Putin’s propaganda channels RT and Sputnik offer well-produced news-style broadcasts that serve to give legitimacy to conspiracy theories by airing them to a worldwide audience in slick-looking studio formats. As Wired has reported, as long ago as January 2019 RT was airing segments on 5G where its “correspondent,” Michele Greenstein, warned that 5G “might kill you.”

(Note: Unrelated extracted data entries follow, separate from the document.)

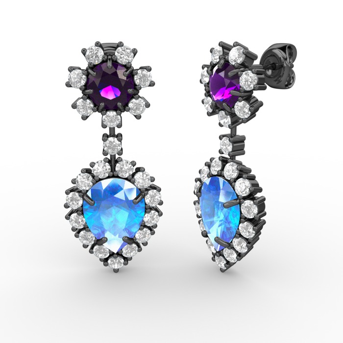 Akuamarin, pırlanta ve ametist 925 ayar siyah rodyum kaplama gümüş küpe (0.792 karat)
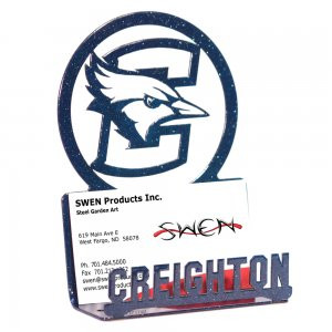 Business Card Holder is constructed out of 16 gauge steel. The entire holder is then painted with a high gloss sparkle powder coat Baked on Paint finish Size is approximately 3.5 inches wide and the height will vary depending on the design. Fits standard size business cards.
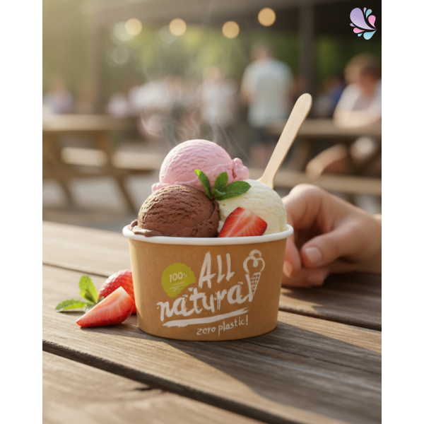 Unsere recycelbaren Eisbecher aus Papier to go mit 360 ml Fassungsvermögen bieten eine großartige nachhaltige Lösung für den Verkauf von Speiseeis und Snacks außer Haus. Mit ihrem natürlichen Material und dem Verzicht auf Kunststoffbeschichtungen unterstützen sie eine umweltfreundliche Wahl in der Gastronomie und bei Veranstaltungen, wodurch Abfall reduziert und Umweltbewusstsein gefördert wird.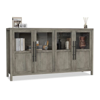 Sideboard Buffet Cabinet with 4 Glass Doors, 55″ Buffet Table Coffee Bar Wine Bar Display Cabinet for Kitchen Dining Room, Living Room

This and other RT segments have since been repackaged by conspiracy theorist David Icke, including YouTube videos that racked up millions of views. Icke was banned from YouTube on April 7 after making numerous false claims linking 5G to the coronavirus pandemic, including the assertion that a COVID-19 vaccine would be the means for inserting a nanotechnology chip to track and ostensibly control humans. YouTube recently announced it has banned all videos perpetuating the false link between 5G networks and coronavirus.
However, the RT segment entitled “5G Wireless: A Dangerous ‘Experiment on Humanity’’ remains accessible on YouTube and has so far been viewed 1.9 million times. In May 2019 the New York Times drew attention to Russia’s war on 5G with a piece headlined: “Your 5G Phone Won’t Hurt You. But Russia Wants You to Think Otherwise.”
The NYT piece pointed out that by May 2019, RT had already aired numerous anti-5G pieces, possibly as a geopolitical ploy because Russia is behind in the deployment of advanced communications networks like 5G.
More latterly, according to the EU-funded project EUvsDisinfo, the Kremlin has been “throwing coronavirus disinformation at the wall to see what sticks.” The site has logged 39 Russian-sponsored claims that the US created COVID-19, and 17 claims that the virus was a secret plan of the global elite, even though it has so far steered away from directly linking coronavirus to 5G.
In an April 1 EU report on coronavirus disinformation, the EUvsDisinfo site revealed that it had logged more than 150 examples of pro-Kremlin disinformation on coronavirus. The pandemic is not the only subject of Russian disinformation and conspiracy theorizing: another target has beenclimate campaigner Greta Thunberg in an effort to promote climate denialism.
As one of the EU’s top diplomats, Josep Borrell, head of the EU’s European External Action Service, said recently: “Disinformation is playing with peoples’ lives. Disinformation can kill.” Whether anti-vaxxer and Kremlin-sponsored disinformation do lead to avoidable additional deaths during the COVID epidemic depends on how far their conspiracy theories are able to spread, and how many vulnerable people are sucked into believing them.